We are often asked by community members how long it typically takes an institution to complete an assessment of their RCD support using the RCD Capabilities Model. When teams submit an assessment, we ask them about this, and so we decided to go through that data and share what we found (although we note that not all institutions provided an answer). As you might imagine, there is quite a bit of variation.
Figure 1 shows how most institutions group, with many taking less than a few person-days, but some taking quite a bit more. For the sake of presentation, we have filtered one institution that reported a team of 12 people spent 20 hours together (240 hours!).
Another view of this shows the individual responses in decreasing time spent (again, filtering the one outlier):
A related question that comes up is: “Does it take more time or less time to complete an assessment a second time?” We only have data on this from a dozen institutions, but we see two patterns that reflect stories we have heard from different participating institutions:
- Some teams dive in the first year, and then treat successive assessments as updates, allowing them to move through the Capabilities Model more quickly.
- Other teams take a more cursory view the first time and then do a more thorough analysis when they repeat their assessment in a later year.
Figure 3 below shows the data for institutions that reported their time investment for successive assessments. Some completed assessments in all three years, and others just did two assessments. The first eight institutions generally follow the first pattern with decreasing work needed over time and the last four follow the second pattern of increased labor the second time through. Institution 1 seems to do both, increasing substantially from 2020 to 2021, and then decreasing from 2021 to 2022.
In general, the time it will take your institution depends in part upon your organizational model:
- If your institution has a fairly simple or centralized organizational model, you may be able to assemble a small team and answer the questions in short order.
- If your institution has a distributed or federated model of service support, it may require a bit more discussion to pull together the appropriate groups, and develop a shared mental model of how those groups work together to support research.

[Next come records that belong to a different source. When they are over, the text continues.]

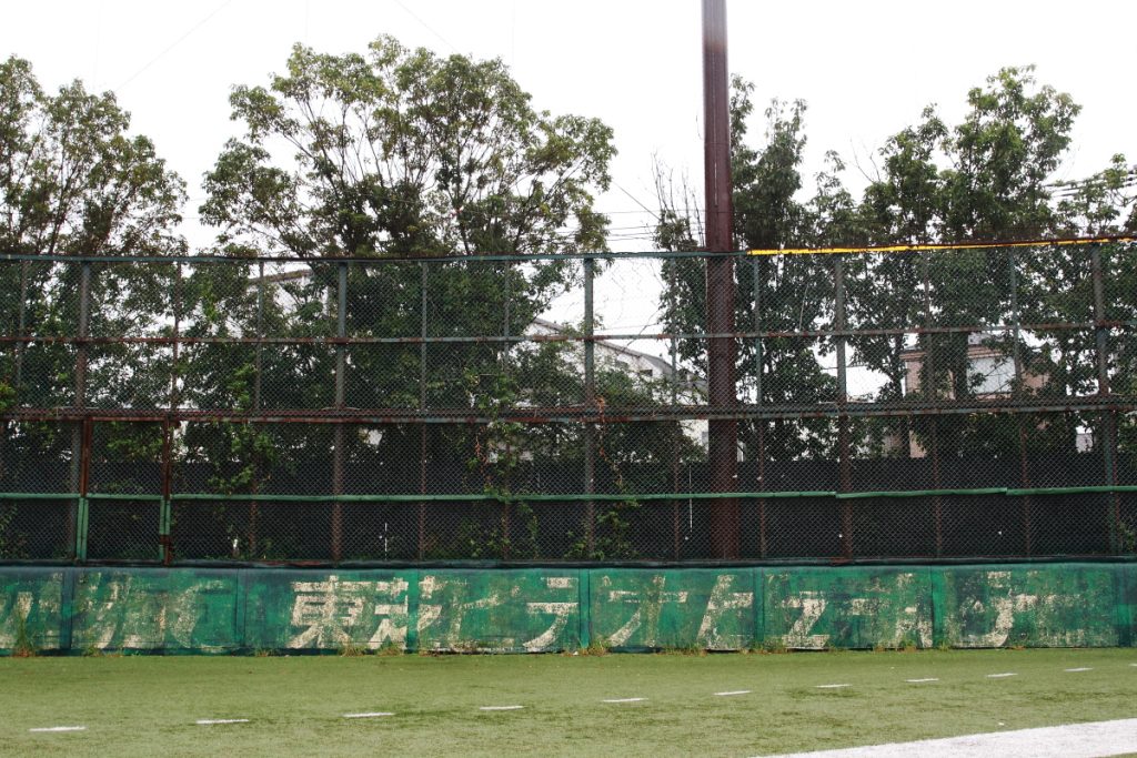 球場広告の“痕跡”とともに現存する外野フェンス。77年4月29日の大洋vs.阪神戦では、阪神・佐野仙好選手がここに激突して、頭蓋骨を陥没骨折。それが、いまや主流のラバーフェンスが普及するきっかけともなりました。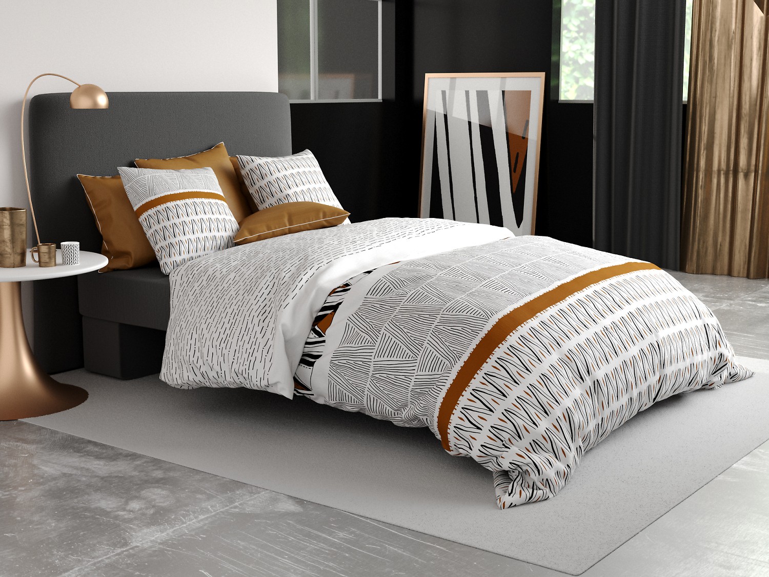 PARURE HOUSSE DE COUETTE 100% COTON 57 FILS URBANIK En tissu souple et résistant de qualité supérieure grâce à son tissage ultra serré (57 fils/cm²) constitué de fils de coton peigné. Plus le nombre de fils/cm² est élevé. plus le tissage est de qualité. Dimension : • Housse de couette 140 x 200 cm + 1 taie d'oreiller : 1 personne • Housse de couette 200 x 200 cm + 2 taies d'oreiller : 1-2 personnes • Housse de couette 240 x 220 cm + 2 taies d'oreiller : 2 personnes • Housse de couette 260 x 240 cm + 2 taies d'oreiller : 2 personnes Finition : Boutonnière dissimulés Conseil d'entretien : ENTRETIEN : Lavage à 40°c - Laver et repasser sur l'envers afin de protéger les couleurs Certification : Oeko-Tex® garantit que les articles testés et certifiés ne présentent pas de substances nocives substances pouvant nuire à la santé.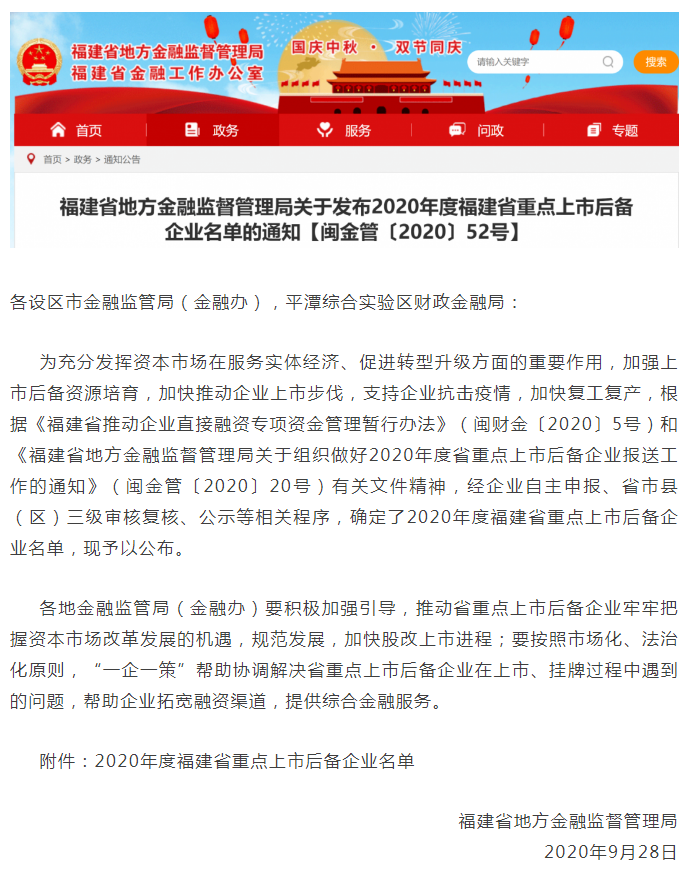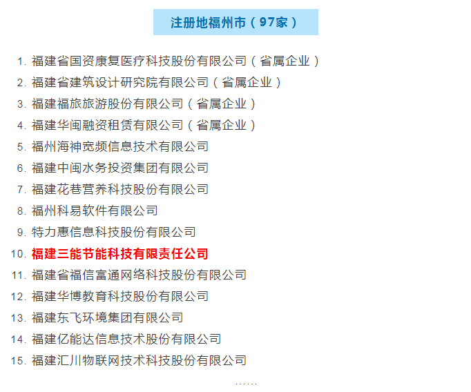 恭贺福建三能公司再次入围2020年福建省重点上市后备企业名单
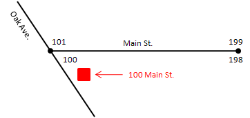 therefore, in line with the end of the street feature. When streets intersect at odd angles, specifying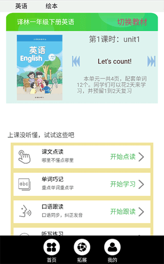 2、点击课本,进入课本详情页,可以进行课本点读,单词巧记,口语跟读,听写练习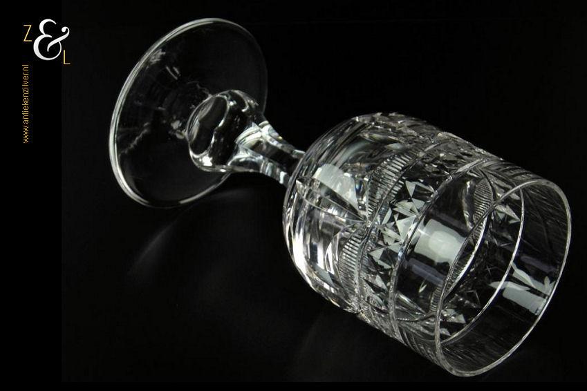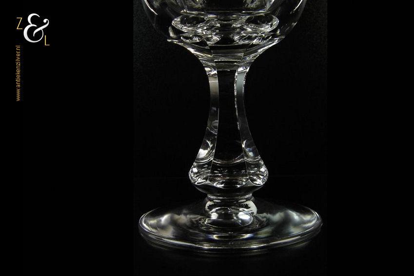 Dit is heel bijzonder! Kristallen Bokaal ontworpen door Willem Jacob Rozendaal. Rozendaal ontwierp de serviezen Elegance en Ambassador al in 1936 voor de kristal- en glasfabriek “De Kristalunie” waar hij van 1928 tot 1937 werkzaam was. De serviezen Elegance en Ambassador werden in 1960 voornamelijk voor de export in productie genomen. Het bijzondere aan deze bokaal is, zijn afmeting van 24 cm hoog, een voet met een diameter van 12 cm en een gewicht van bijna 1.5 kilo en dat het glas geslepen is naar het ontwerp van het Elegance servies en de stam uitgevoerd is naar het ontwerp van het servies Ambassador. Blijkbaar is deze bokaal ontworpen door W.J. Rozendaal een proef geweest voor het slijpen van het Elegance en Ambassador servies (zie voor afbeeldingen van de Elegance en Ambassador serviezen het boek: ANTIEKWIJZER Kristalunie Maastricht blz. 114). Voorbeelden van de serviezen Elegance en Ambassador zijn tevens in het bezit van het Nationaal Glasmuseum te Leerdam.

A second factor in the time required relates to how you are using the RCD Capabilities Model as part of your strategic planning:
- If your goal is a simple information gathering exercise, it may be sufficient for an RCD team lead to do a relatively quick pass through the RCD Capabilities Model, and just ask a few questions of others (or just use estimates/educated guesses) for specific questions.
- If you are using the tool as part of a broader RCD strategic planning process, you may draw together expertise from a range of groups (e.g., including HPC systems folks, Data Librarians, Information Security analysts, and others), and use the RCD Capabilities Model questions as a starting point for more in-depth discussions of service models and how teams collaborate to support research.
Your goals may fit somewhere between these two examples. Naturally, the second approach can take quite a bit more time, but many institutions report that they got considerable value from these longer discussions, as different teams learned more about what their partners were providing and how they might better collaborate.
In the end, you can decide how long it takes to complete an RCD Capabilities Model assessment, and in general, you will get as much out of the assessment as you put into it!